Film

Madame
von Stéphane Riethauser
CH 2019 | 94 Min.

Screening
Duisburger Filmwoche 43
09.11.2019

Diskussion
Podium: Stéphane Riethauser, Marie-Catherine Theiler (Regieassistenz), Natali Barrey (Schnitt)
Moderation: Jan Künemund
Protokoll: Mark Stöhr

Synopse

Ein doppeltes Porträt. Von Caroline, der hochbetagten Madame und Geschäftsfrau, und Stéphane, dem geliebten Enkel und Regisseur des Films. Gegen die Gesetzlichkeiten ihrer bourgeoisen Genfer Familie wollte sie keine Gattin sein und er kein „echter“ Mann. Aus den Archivaufnahmen treten zwei Menschen hervor, die schillern im Grau der Konvention.

Protokoll

„Man ist nicht als Frau geboren, man wird es.“ (Simone de Beauvoir)
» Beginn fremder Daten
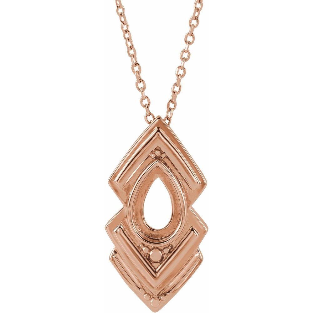 14k Rose Gold 8x5mm Pear Shape Geometric Cabochon Necklace for Approximately 9/10 cttw (21x11.26mm, Mounting Only, Not All Stones Included), 16-18"

Eine Familiensaga mit zwei Protagonisten: Regisseur Stéphane Riethauser und seiner Großmutter. Beide verbindet, dass sie den patriarchalischen Rollenbildern und Geschlechterklischees ihrer Familie und Gesellschaft die Stirn boten. Sie, die selbstbewusste Matriarchin und Unternehmerin, er, der schwule Enkel und Künstler, der sich unter großen Anstrengungen aus seiner heterosexuellen Formatierung gelöst hat. Illustriert mit Archivmaterial unterschiedlicher Provenienz erzählt Madame die Geschichte einer doppelten Selbstwerdung und ist zugleich das Porträt der besonderen Beziehung zwischen Caroline und Stéphane.
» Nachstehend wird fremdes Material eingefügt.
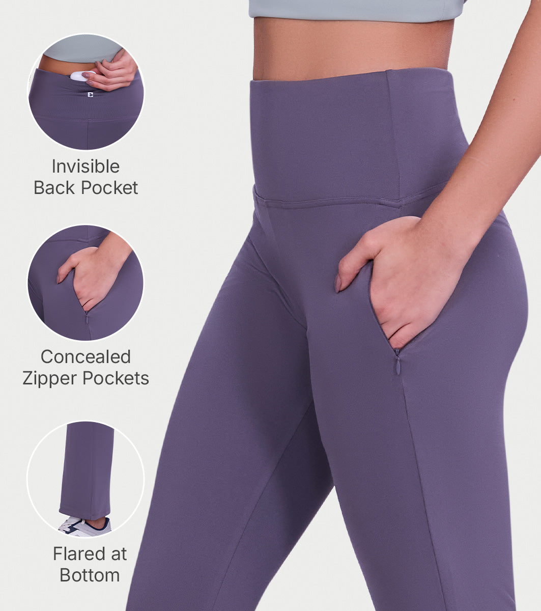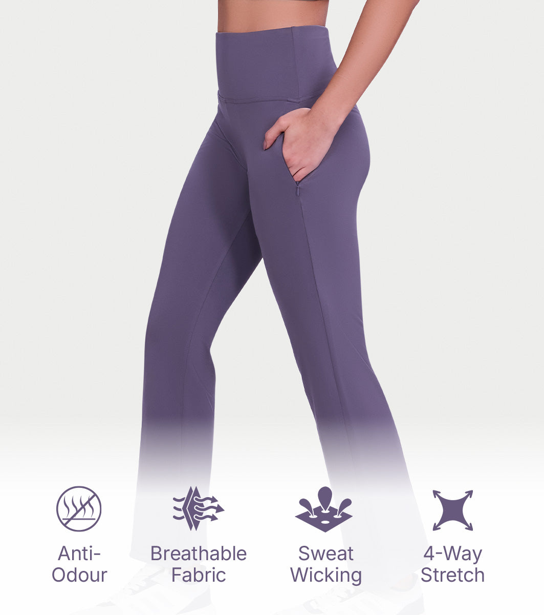 Enamor Fav Flare Pants – Butter-soft dry-fit, high-rise support & sleek flared style -A407 (Excalibur)

Familien seien ein „Ort mit schlechter Luft“, sagte Jan Künemund treffend. Selbst in der bourgeoisen Genfer Welt, in der Stéphane Riethauser aufwuchs, herrschte Smog. Männliche Dominanz, Machokult, Homophobie. Die Privilegiertheit der Familie, bemerkte Künemund, zeige sich auch am Reichtum und der schlichten Menge des überlieferten Filmmaterials. Bildermachen sei in der Familie ganz offensichtlich „ubiquitär“ gewesen. Der Vater ein Cinephiler mit großem Wissen um filmische Effekte.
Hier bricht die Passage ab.